To implement the Data center Networking (DCN) in ns-3 consists to simulate a network that links to servers, switches and routers that usually found in data centers. This can include numerous topologies such as fat-tree, leaf-spine, or others. Here is the detailed procedure on how to set up a general data center network in ns-3 environment using a fat-tree topology.
Step-by-Step Implementation
- Install ns-3
Make sure the ns3 installed on the system.
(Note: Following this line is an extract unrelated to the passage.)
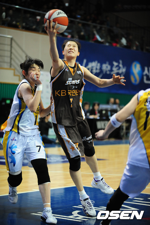 KB스타즈는 20일 안산와동실내체육관서 벌어진 2011~2012시즌 신세계 이마트 여자 프로농구에서 '와동불패' 신한은행을 80-74로 꺾었다. 강아정이 25점을 기록하며 승리의 수훈갑이 됐고 정선화가 23점, 변연하도 15점 6어시스트로 힘을 보탰다.

You can download and installed in from official website.
- Define the Fat-Tree Topology
A fat-tree topology consists of three layers:
- Core layer
- Aggregation layer
- Edge layer
- Create Network Nodes
To generate network nodes using NodeContainer for servers, edge switches, aggregation switches, and core switches.
#include “ns3/core-module.h”
#include “ns3/network-module.h”
#include “ns3/internet-module.h”
#include “ns3/point-to-point-module.h”
#include “ns3/applications-module.h”
using namespace ns3;
NodeContainer coreSwitches, aggSwitches, edgeSwitches, servers;
// Parameters
uint32_t k = 4; // Number of ports per switch (k must be even for fat-tree topology)
uint32_t numPods = k; // Number of pods
uint32_t numCoreSwitches = (k / 2) * (k / 2);
uint32_t numAggSwitches = k * (k / 2);
uint32_t numEdgeSwitches = k * (k / 2);
uint32_t numServers = k * numEdgeSwitches / 2;
// Create nodes
coreSwitches.Create(numCoreSwitches);
aggSwitches.Create(numAggSwitches);
edgeSwitches.Create(numEdgeSwitches);
servers.Create(numServers);
- Set Up Point-to-Point Links
Create point-to-point links between the switches and servers.
PointToPointHelper p2p;
p2p.SetDeviceAttribute(“DataRate”, StringValue(“1Gbps”));
p2p.SetChannelAttribute(“Delay”, StringValue(“2ms”));
// Install network devices on core switches
NetDeviceContainer coreDevices;
for (uint32_t i = 0; i < coreSwitches.GetN(); ++i) {
for (uint32_t j = 0; j < aggSwitches.GetN() / numPods; ++j) {
NetDeviceContainer link = p2p.Install(NodeContainer(coreSwitches.Get(i), aggSwitches.Get(j + (i / (k / 2)) * (k / 2))));
coreDevices.Add(link);
}
}
// Install network devices on aggregation switches
NetDeviceContainer aggDevices;
for (uint32_t i = 0; i < aggSwitches.GetN(); ++i) {
for (uint32_t j = 0; j < edgeSwitches.GetN() / numPods; ++j) {
NetDeviceContainer link = p2p.Install(NodeContainer(aggSwitches.Get(i), edgeSwitches.Get(j + (i / (k / 2)) * (k / 2))));
aggDevices.Add(link);
}
}
// Install network devices on edge switches
NetDeviceContainer edgeDevices;
for (uint32_t i = 0; i < edgeSwitches.GetN(); ++i) {
for (uint32_t j = 0; j < numServers / numEdgeSwitches; ++j) {
NetDeviceContainer link = p2p.Install(NodeContainer(edgeSwitches.Get(i), servers.Get(j + i * (numServers / numEdgeSwitches))));
edgeDevices.Add(link);
}
}
- Configure Mobility Model
Set up the mobility model for the nodes if necessary. For data center networking, nodes typically do not move.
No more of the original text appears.